The Love of a Parent

THE LOVE OF A PARENT

By Shery Abdelmalak 

Honour your father and your mother, that your days may be long upon the land which the Lord your God is giving you.” – Exodus 20:12

We know this verse like the back of our hands. Yet how often do we practice this? When you go to confession, is there ever a point where you don’t stop to think about how you treated your parents? There is something missing here. Clearly, we cannot fully grasp the importance of honouring our parents.

Our parents, like God, love with an unconditional love. If God has ever expressed how much He loves us, it is by comparison to the love of a parent. Isaiah 49:15-16 reads,

Can a woman forget her nursing child,
And not have compassion on the son of her womb?
Surely they may forget,
Yet I will not forget you.
See, I have inscribed you on the palms of My hands

After all the sins that the nation of Israel committed against the Lord, He continues to pour His Love upon them. Did Israel deserve anything from the Lord at this point? Every man acted in accordance with what was right in his own eyes. What God? They showed complete ignorance for the God that saved them, the God that redeemed them, the God that promised them a land flowing of milk and honey. Yet He still reaches out to them in love. Maybe this time they will understand. Maybe if He just showed them how great His love is once more.

John Cassian says, “This design and love of His, which the Lord designs with unwearying kindness to benefit us with and which He wishes to express as an act of human affection, although He discovers no such loving disposition in His creation to which He could worthily compare it, He has compared with the most tender heart of a loving mother. He uses this example because He can find nothing dearer in the nature of human beings.

A mother could never forget her own child. It is medically impossible. Oxytocin is released throughout pregnancy and is particularly heightened during delivery. While it primarily serves to assist with contractions, oxytocin is also known as the “love hormone.” This is because it shifts behaviour toward warmth, compassion and protection for the new born baby. A love that is not conditioned to the actions of the baby. At that point, nothing a child does can make their parents love them any less. Through the family unit, God gives us insight into the love that is imparted from the Creator to the creation.

Christ explains the entire oxytocin process best when He says, “A woman, when she is in labor, has sorrow because her hour has come; but as soon as she has given birth to the child, she no longer remembers the anguish, for joy that a human being has been born into the world.” – John 16:21

How could a screaming baby lead to joy? It was all in His original design. While the love of a parent is but a small fraction of the love God has for us, it brings us that little bit closer to Him.

When we are loved unconditionally, it becomes difficult to reciprocate. There may be immediate repercussions for a child’s action, but the love of a parent remains. If we look at the story of St Augustine’s return to God, we see the power of a parent’s love. St Monica had successfully converted her husband and mother-in-law to the faith but her son, Augustine was more difficult. After sending him away, she had a vision that forced her to continue praying for his salvation despite his resistance. For years, she prayed and on one encounter with a bishop, he told her, “the child of those tears shall never perish.” Seventeen years of prayer later, St Augustine became one of the greatest theologians of our faith.

For the rest of us, we may not be joined to the world living to our heart’s content, we may think that we are doing alright, but for all the times we ignore or react badly to our parents, do we truly know love? In the same way we did not choose our parents, we did not choose God either. Christ told His disciples, “You did not choose Me, but I chose you and appointed you that you should go and bear fruit, and that your fruit should remain, that whatever you ask the Father in My name He may give you.” – John 15:16. These levels of love are difficult to comprehend and so, God’s starts us off simply with the example of our parents so that we get a glimpse into true love that is in Christ.
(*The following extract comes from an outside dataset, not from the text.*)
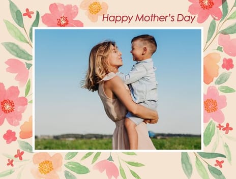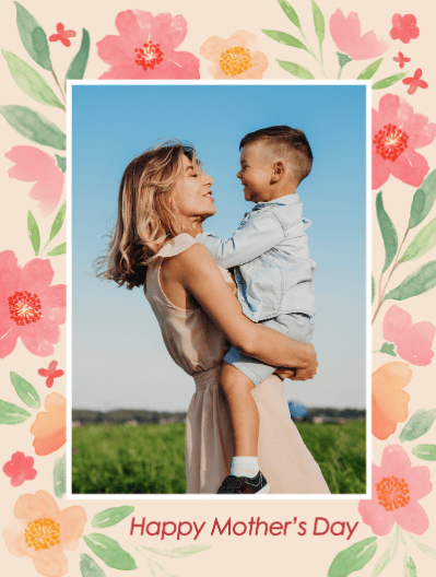 This beautiful card features a soft light beige background w... ith a delicate white photo frame at the centre, surrounded by watercolour-style pink, peach and green florals. Add your favourite photo to create a truly personal touch. Finished with the words “Happy Mother’s Day” in elegant dark red script, it’s a lovely way to send your mum and make her feel extra special. Available as a postcard and greeting card, this card is blank inside so you can personalise it with a message of your own. All our cards are printed with premium paper with a glossy finish.
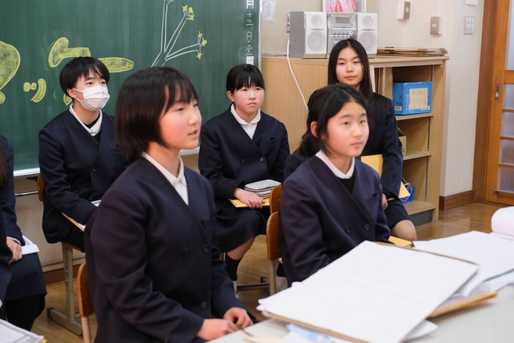 次はお互い質問をしていきます。「どんな力が身につきましたか?」「作ったミツマタ栞はどんなものですか?」「今後取り組みたいことは何ですか?」など様々な質問が飛び交います。すると代表の2人が何を答えたらいいか分からず、黙り込んでしまう場面も。そんなときは後ろの他のメンバーがフリップを持って「こうじゃない?」と2人をサポートしてくれていました。

All in all, we may never be able to comprehend the love of a parent until we become parents ourselves. Alas, the opportunity to love our parents is here and now, we cannot let it go to waste out of ignorance. Despite whatever annoyance, anger or frustration that you may have for your parents, no one will love you quite the same as your parents. God promises us long life if we honour our parents. We could not be joined with Him unless we loved our parents. How could we honour God whom we have not seen if we do not honour our parents whom we have seen? It is not a matter of punishment, it is a matter of understanding.

Learn to honour your parents first, then you will learn to give God the glory due to His Name. There is no parent who does not wait with the same eagerness as the father of the prodigal son. After he had spent his entire inheritance, treating his father like he was already dead – the absolute height of disrespect – his father waited and watched for his son’s return, for his son to be brought back to life. This is the love that we honour. It is no difficult task when we can understand how much they have already given up for us out of unconditional love.